При этом за последние два месяца Нина отдалилась и от Агнес. Она так и не нашла в себе сил рассказать Агнес о произошедшем в парке между ней и Йозефом. Из-за этого она дважды отказалась от встреч с подругой в баре, а потом Агнес и сама перестала её приглашать, и их общение свелось к редким полуформальным созвонам. Йозеф же, хоть и перестал приходить на репетиции Нины, своих планов, очевидно, не изменил: он предпринял пару попыток подкараулить Нину возле выхода из театра, а когда она грубо поставила его на место, он уже на следующее утро оставил для неё в репетиционной букетик лилий с запиской весьма скабрезного содержания.

Тогда Нина пообещала сама себе, что покажет записку Агнес.

Но и это обещание она так и не выполнила. Когда в тот вечер она раньше обычного вернулась домой, то застала Агнес в их с Иреной квартире. Агнес и Ирена о чём-то секретничали на кухне. Чтобы не смущать соседку, Нина сослалась на головную боль и скрылась в своей спальне, оставив дверь приоткрытой. Агнес говорила довольно громко, и с её слов Нина поняла, что Агнес и Йозеф помирились, снова ходят по вечерам на разные интересные мероприятия и даже вместе украшают детскую. Агнес определённо была счастлива.

Нина нервно мяла записку в руках, не зная, на что решиться: или дождаться, когда Агнес и Ирена распрощаются, догнать Агнес у лифта и показать ей записку – что наверняка разобьёт беременной подруге сердце – или продолжать делать вид, что ничего не происходит.

Вдруг у Йозефа это просто временное «помрачение», и с рождением ребёнка у них всё образуется? Имеет ли она право лишать Агнес даже шанса на семейное счастье? К тому же, что ей сказать, если Агнес спросит, почему Нина до сих пор молчала? И ещё, не захочет ли Йозеф отомстить Нине, если Агнес всё узнает? У него, звезды Театра Откровения, есть тысяча способов испортить ей жизнь. В конце концов, он может просто уговорить Парсли уволить её. А кроме Леонарда за неё некому вступиться.

В тот вечер Нина, ворочаясь в кровати, проклинала себя за малодушие и трусость, раз за разом порывалась выйти в коридор, но в конце концов Агнес ушла, а записка так и осталась в сумочке Нины.

*  *  *

Когда Нина вернулась в репетиционную и протянула Леонарду пакет с его спортивной формой, он замешкался, а потом робко протянул, не глядя ей в глаза:

– Да, отлично, спасибо!
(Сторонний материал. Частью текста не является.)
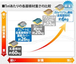 屋根の材質によって重さは全然違います!葺き替えて屋根が軽くなる場合は負担が減るのでいいんですが、重くなってしまうと地震で倒壊してしまったり、潰れたりしてしまう可能性があります!

Только… Ну… Постарайся их сегодня вечером отстирать, ладно? – он почесал затылок и пошёл за ширму переодеваться. – Я что-нибудь придумаю, что сказать бабуле сегодня, но чем скорее она опять увидит меня в новых брюках, тем лучше.

– Ты не говорил, что твоя бабушка такая строгая, – хмыкнула Нина, доставая текст роли.

– Нет, она не строгая, наоборот! Она жутко ранимая, прямо как… не знаю, с чем сравнить. Её очень легко расстроить, и она потом неделями переживает, – он вышел из-за ширмы, критически рассматривая свои спортивные штаны. – Кстати, может, хочешь с ней познакомиться?

Нина удивлённо подняла глаза от сценария:

– Ну… почему бы и нет.

– Отлично, договорились, – искренне обрадовался Леонард. – А потом ты познакомишь меня со своей мамой! Ну, чтобы было честно.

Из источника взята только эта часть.